Когда же дождливое время года кончилось, небо целые два месяца сияло безоблачной лазурью. Мне позволили бегать на воле с тем только, чтобы я не подбегал слишком близко к реке: рыхлая земля обрыва легко могла осыпаться подо мною, говорила Доменика. Кроме того, возле реки паслись стада диких буйволов. Но именно дикость-то их и опасность и возбуждали мое любопытство. Мрачный взгляд животных, странный дикий огонь, светившийся в их зрачках, — все это вызывало во мне чувство сродни тому, что влечет в пасть змеи птичку. Их дикий бег, быстрота, превосходящая лошадиную, их битвы между собою, состязание равных сил — приковывали мое внимание. Я старался изобразить на песке виденные мною сцены, а для пояснения своих рисунков слагал песни, подбирал к ним мелодии и распевал их, к большому удовольствию Доменики, говорившей, что я — умница мальчик и пою, как ангел небесный.

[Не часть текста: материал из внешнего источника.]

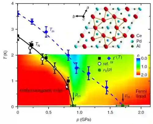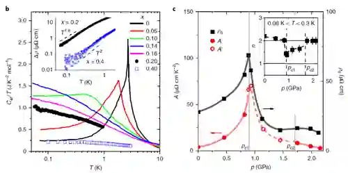 图1:CePdAl中压力诱导量子临界相的产生。(a) 温度-压力相图和电阻率的温度指数。(b) 通过掺杂产生的化学压力表现出和静水压同样的结果,在量子临界相中具有发散的电子比热系数。(c) 电阻率的A系数和残留电阻对应两个临界压力,中间区域代表量子临界相。
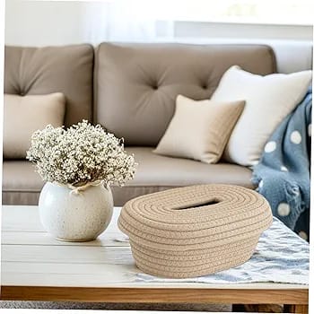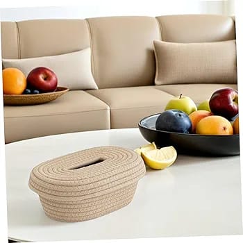 صندوق منسوج بحبل قطني وحامل مناديل لتزيين المنزل والمكتب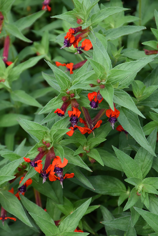 Small, freely branching shrub or subshrub with unusual tubular flowers lipped with upward facing red petals and purple eyes with dark red flutes; great for bedding, shrub borders, and containers in warm climates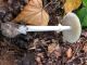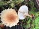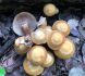 Vairākas galviņas uz pagaras kājiņas, sporu mākonis dzeltens (ne sarkans, kā šunu daudzpilītei).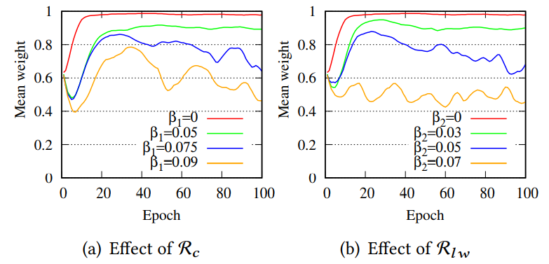 纵坐标表示占比,可以发现使用PTDNet之后的度分布曲线与原始分布比较接近,而DropEdge的形态改变比较明显(这个图有一点小typo,但是不影响阅读)。之后,可以看一下两个约束项对模型有多大影响:
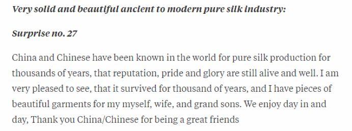中国和中国人数千年的丝绸制造工业享誉世界,“这种名誉、骄傲和荣耀至今仍存”。Sam Arora说:“我很高兴,他们延续了数千年。”他还为自己及家人准备了一些漂亮的衣服。他说:“我们很享受每一天,感谢中国和中国人这如此优秀的朋友。”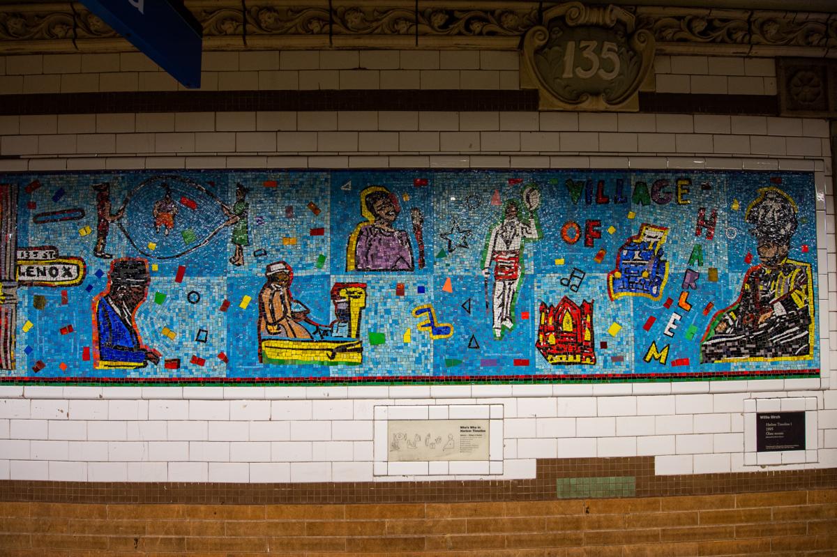 “Harlem Timeline” serves as a tribute to Harlem luminaries. In this expansive mosaic mural, they are seen mingling with neighborhood residents. On the downtown platform, we see Reverend Adam Clayton Powell Jr., Langston Hughes, Joe Louis, and Charlie Parker in action. The blues - both the musical form and the color - are represented on the uptown side, with Billie Holiday, bathed in indigo. Elsewhere, Malcolm X, Marcus Garvey, Paul Robeson, John Coltrane, and Thelonious Monk express themselves, rejoining the community where the Harlem Renaissance all began. Some of the visual references that Birch weaves into the work are African-American quilts, textile designs of Mexico and Africa, and visionary folk art.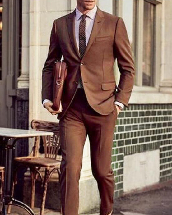 Dark Brown Costume Homme Men's Suits 2 Pieces(Jacket+Pant) Terno Masculino Groom Blazer CB2018

День ото дня солнце палило все сильнее; целое море огненного света лилось на Кампанью. Стоячие гниющие воды заражали воздух, и мы могли выходить из дома только по утрам да вечерам; ничего такого не знавал я в Риме на холме Пинчио. Я помнил, каково там было в самую жаркую пору года, когда нищие просили не на хлеб, а на кружку холодной воды, помнил и наваленные грудами чудесные зеленые арбузы, разрезанные пополам и обнажавшие свою пурпуровую мякоть с черными зернышками… Губы сохли при этих воспоминаниях еще сильнее! Солнце стояло прямо над головой, и тень моя, казалось, старалась спрятаться от его лучей под мои ноги. Буйволы лежали на спаленной траве неподвижно распростертыми, словно безжизненными, массами или в бешенстве описывали по равнине большие круги. Вот когда душа моя прониклась представлением о мучениях путешественника в жгучей африканской пустыне!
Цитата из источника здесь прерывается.